━━━━━ DATASET EXTRACT ━━━━━

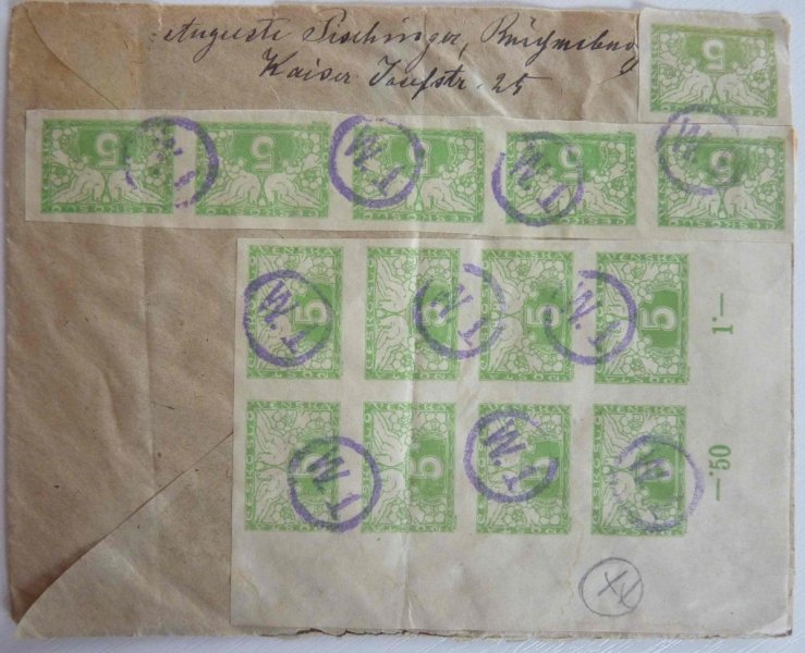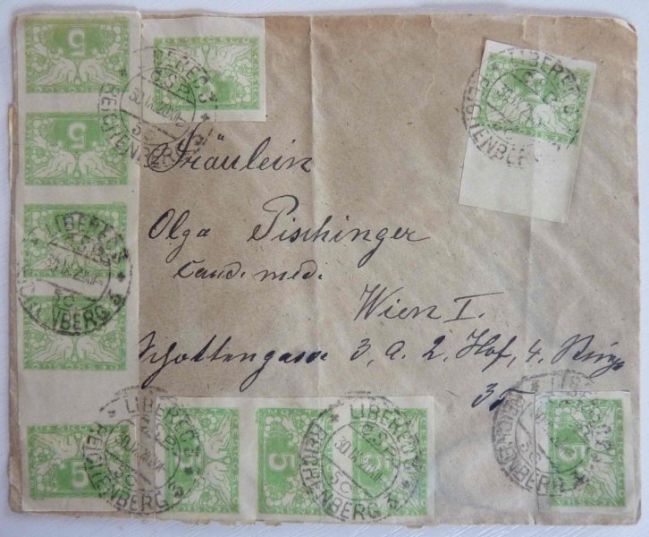 Dopis vyplacený 25ti kusy doručních známek - neobvyklá a vzácná frankatura / RRR
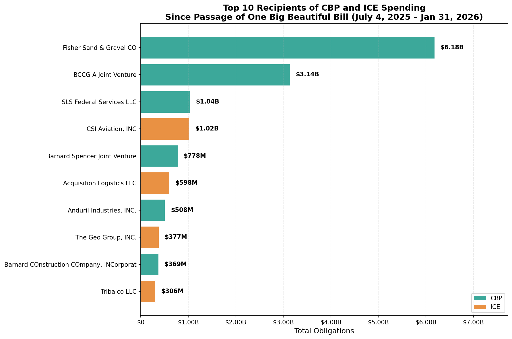 Figure 4 shows the top 10 recipients of CBP’s and ICE’s post-OBBA spending.
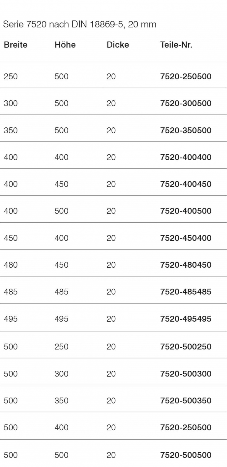 Produktabmessungen (HxBxT) 50cm x 50 cm x 2 cm (Art.Nr. 7520-500500)
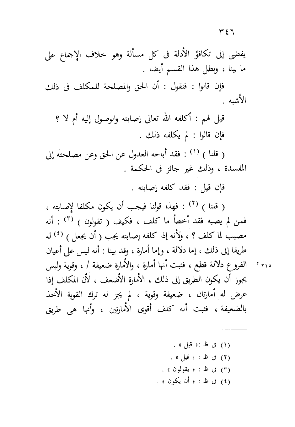 (قلنا): فهذا قولنا فيجب أن يكون مكلفاً لإصابته، فمن لم يصبه فقد أخطأ ما كلف، فكيف (تقولون): أنه مصيب لما كلف؟، ولأنه إذا كلفه إصابته يجب (أن يجعل) له طريقاً إلى ذلك، إما دلالة، وإما أمارة، وقد بينا: أنه ليس على أعيان الفروع دلالة قطع، فثبت أنها أمارة، والأمارة ضعيفة/٢١٥ أ، وقوية وليس يجوز أن يكون الطريق إلى ذلك، الأمارة الأضعف، لأن المكلف إذا عرض له أمارتان، ضعيفة وقوية، لم يجز له ترك القوية الأخذ بالضعيفة، فثبت أنه كلف أقوى الأمارتين، وأنها هي طريق
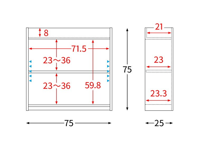 サイズ:幅75×奥行き25×高さ75cm
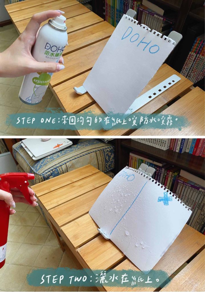 入手DOHO 嘟后商品前看到官網上分享的防水噴霧相關文章我才知道,原來防水噴霧的原理是荷葉效果,就是在織品上面形成微結構的纖毛,產生水珠狀的防水效果。
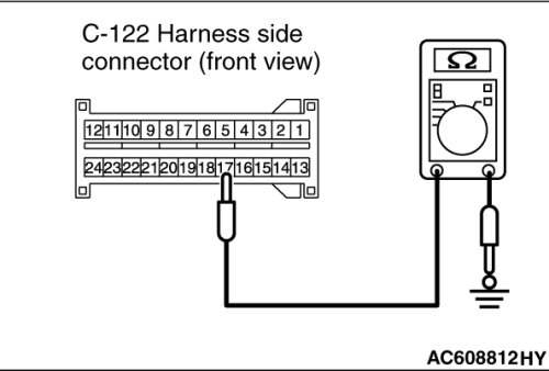 - Continuity between C-122 wiring harness side connector terminal No. 17 and body ground
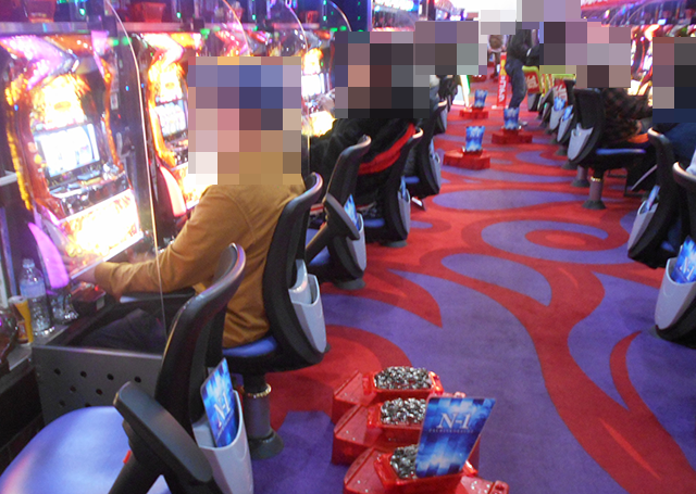パチスロコーナーをみてみると、ハナハナシリーズのにぎわいがとくに大きかった。
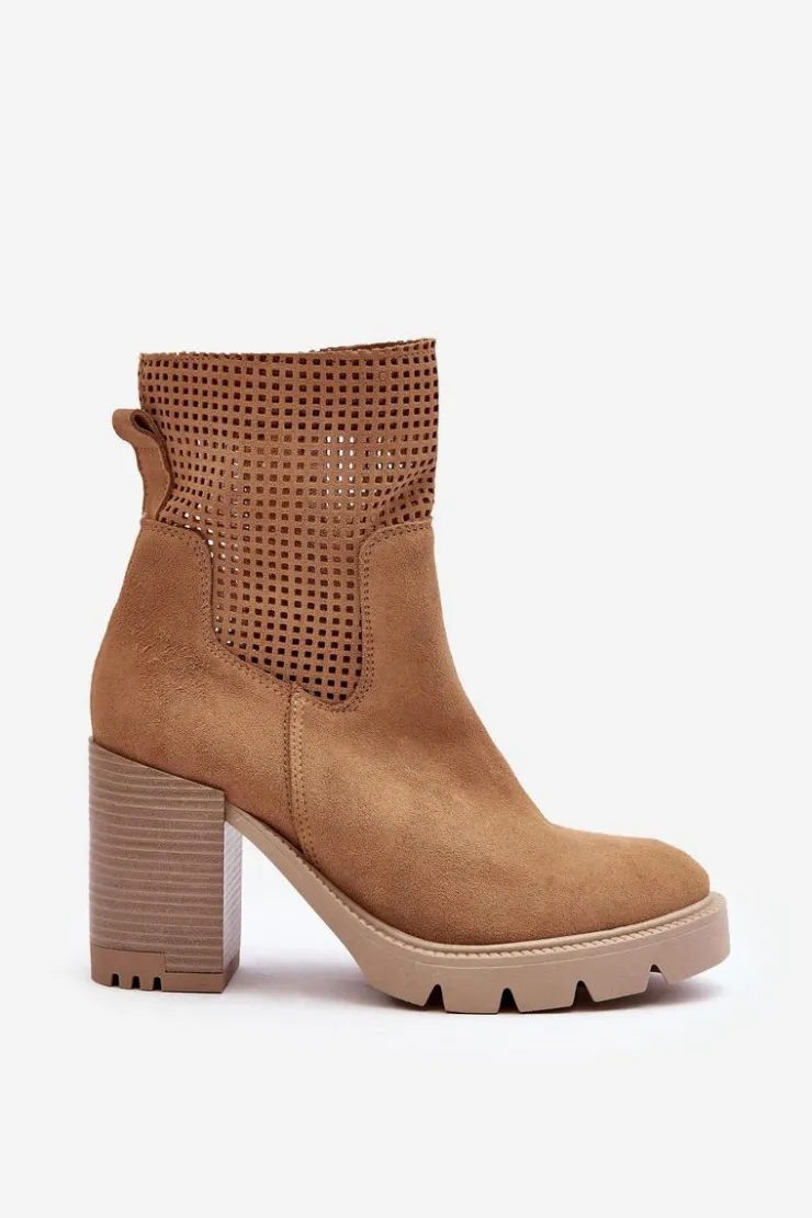 Modne, ażurowe botki na obcasie w postaci słupka zostały wykonane z wysokiej jakości skóry naturalnej. Zapinane na suwak z boku cholewki. Miękka, niezwykle wygodna wkładka została wykonana również z naturalnej skóry. Świetny model do wielu stylizacji! Przy wyborze rozmiaru prosimy sugerować się tabelą rozmiarów.
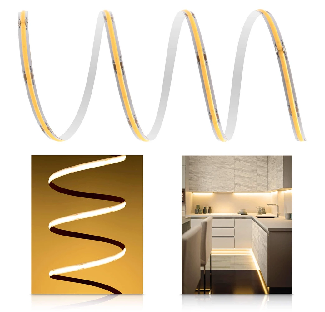 Mit unseren COB LED Streifen sind flexible LED Streifen verfügbar, die viele Vorteile miteinander vereinen. So erzeugen COB (Chip-on-Board) LED Streifen
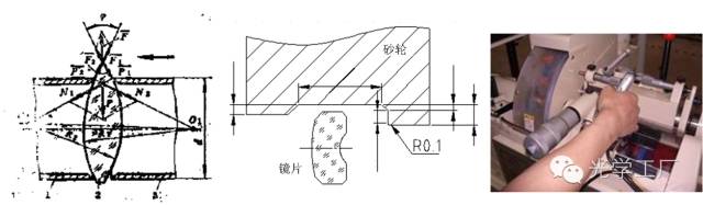 将定芯后的镜片,对称的磨外圆,并对倒角、矢高、台阶等进行加工。

━━━━━

» **PROBLEM TO SOLVE**
Please set down, exactly and with no pictures, the lines in the entries above starting at the one holding "Produktabmessungen (HxBxT) 50cm" and ending at the one holding "入手DOHO 嘟后商品前看到", ends included.

» **REPLY**
 Produktabmessungen (HxBxT) 50cm x 50 cm x 2 cm (Art.Nr. 7520-500500)
 (قلنا): فهذا قولنا فيجب أن يكون مكلفاً لإصابته، فمن لم يصبه فقد أخطأ ما كلف، فكيف (تقولون): أنه مصيب لما كلف؟، ولأنه إذا كلفه إصابته يجب (أن يجعل) له طريقاً إلى ذلك، إما دلالة، وإما أمارة، وقد بينا: أنه ليس على أعيان الفروع دلالة قطع، فثبت أنها أمارة، والأمارة ضعيفة/٢١٥ أ، وقوية وليس يجوز أن يكون الطريق إلى ذلك، الأمارة الأضعف، لأن المكلف إذا عرض له أمارتان، ضعيفة وقوية، لم يجز له ترك القوية الأخذ بالضعيفة، فثبت أنه كلف أقوى الأمارتين، وأنها هي طريق
 サイズ:幅75×奥行き25×高さ75cm
 入手DOHO 嘟后商品前看到官網上分享的防水噴霧相關文章我才知道,原來防水噴霧的原理是荷葉效果,就是在織品上面形成微結構的纖毛,產生水珠狀的防水效果。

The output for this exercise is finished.